### Dataset content
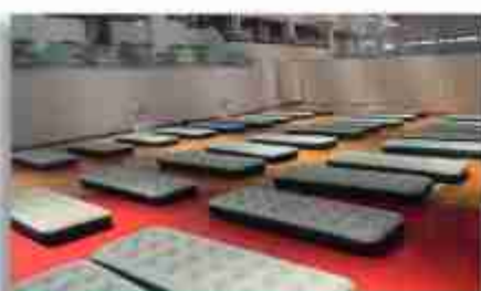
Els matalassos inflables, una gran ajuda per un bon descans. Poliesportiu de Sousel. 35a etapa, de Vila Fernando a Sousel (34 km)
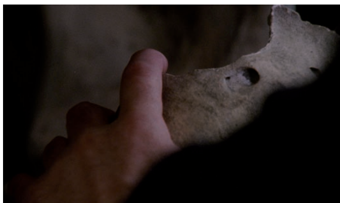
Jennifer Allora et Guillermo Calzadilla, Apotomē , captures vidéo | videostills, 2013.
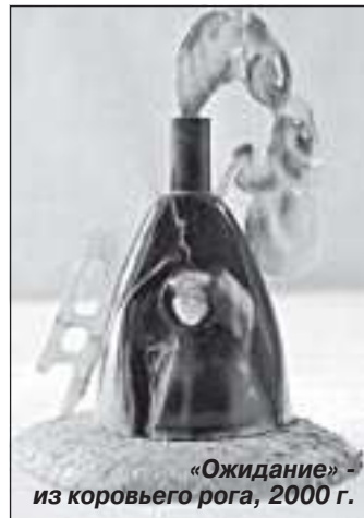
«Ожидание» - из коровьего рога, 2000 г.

==

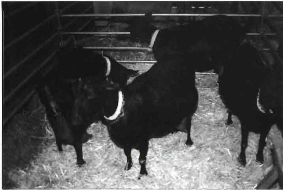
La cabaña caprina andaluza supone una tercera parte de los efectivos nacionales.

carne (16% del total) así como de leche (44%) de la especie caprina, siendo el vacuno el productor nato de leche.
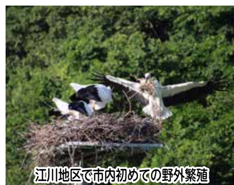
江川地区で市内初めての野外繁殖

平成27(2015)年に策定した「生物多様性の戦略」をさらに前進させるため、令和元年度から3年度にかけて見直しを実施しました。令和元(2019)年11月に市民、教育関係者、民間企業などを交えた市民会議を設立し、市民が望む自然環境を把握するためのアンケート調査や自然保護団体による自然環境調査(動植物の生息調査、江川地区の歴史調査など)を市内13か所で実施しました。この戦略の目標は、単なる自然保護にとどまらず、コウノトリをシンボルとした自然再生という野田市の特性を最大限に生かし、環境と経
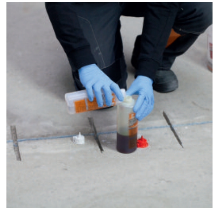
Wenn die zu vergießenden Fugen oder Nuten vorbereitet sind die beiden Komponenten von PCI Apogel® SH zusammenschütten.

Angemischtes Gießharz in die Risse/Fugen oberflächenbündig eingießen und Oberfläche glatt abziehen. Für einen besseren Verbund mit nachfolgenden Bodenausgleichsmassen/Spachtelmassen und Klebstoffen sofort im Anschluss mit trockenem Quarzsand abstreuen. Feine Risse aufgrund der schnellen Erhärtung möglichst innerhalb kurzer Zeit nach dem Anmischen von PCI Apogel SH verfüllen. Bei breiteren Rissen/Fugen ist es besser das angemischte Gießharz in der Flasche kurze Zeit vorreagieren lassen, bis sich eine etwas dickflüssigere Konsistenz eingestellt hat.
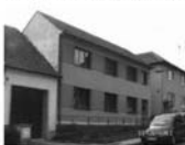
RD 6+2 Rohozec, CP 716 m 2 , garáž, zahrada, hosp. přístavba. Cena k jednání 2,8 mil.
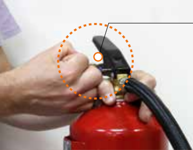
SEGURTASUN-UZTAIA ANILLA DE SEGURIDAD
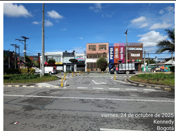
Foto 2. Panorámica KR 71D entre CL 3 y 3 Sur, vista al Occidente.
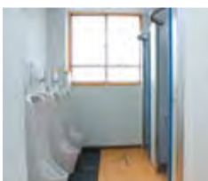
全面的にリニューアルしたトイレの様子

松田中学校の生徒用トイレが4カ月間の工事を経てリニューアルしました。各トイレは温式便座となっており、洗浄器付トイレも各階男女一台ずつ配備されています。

* * *

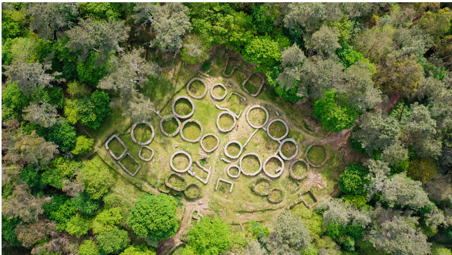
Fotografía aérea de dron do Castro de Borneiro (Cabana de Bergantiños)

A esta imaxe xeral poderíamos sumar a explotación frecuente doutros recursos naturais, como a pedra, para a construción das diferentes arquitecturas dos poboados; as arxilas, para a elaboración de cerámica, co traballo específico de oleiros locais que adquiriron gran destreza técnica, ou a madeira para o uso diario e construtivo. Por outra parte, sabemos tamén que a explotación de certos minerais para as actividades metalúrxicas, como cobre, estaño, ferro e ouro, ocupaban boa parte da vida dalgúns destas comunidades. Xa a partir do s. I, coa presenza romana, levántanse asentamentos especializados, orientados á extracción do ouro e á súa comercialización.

### Activity
Beginning at the line that has "La cabaña caprina" and ending at the line that has "Wenn die zu", restate the listing above word for word, pictures left out.

### Answer to the problem
La cabaña caprina andaluza supone una tercera parte de los efectivos nacionales.

carne (16% del total) así como de leche (44%) de la especie caprina, siendo el vacuno el productor nato de leche.
江川地区で市内初めての野外繁殖

平成27(2015)年に策定した「生物多様性の戦略」をさらに前進させるため、令和元年度から3年度にかけて見直しを実施しました。令和元(2019)年11月に市民、教育関係者、民間企業などを交えた市民会議を設立し、市民が望む自然環境を把握するためのアンケート調査や自然保護団体による自然環境調査(動植物の生息調査、江川地区の歴史調査など)を市内13か所で実施しました。この戦略の目標は、単なる自然保護にとどまらず、コウノトリをシンボルとした自然再生という野田市の特性を最大限に生かし、環境と経
Wenn die zu vergießenden Fugen oder Nuten vorbereitet sind die beiden Komponenten von PCI Apogel® SH zusammenschütten.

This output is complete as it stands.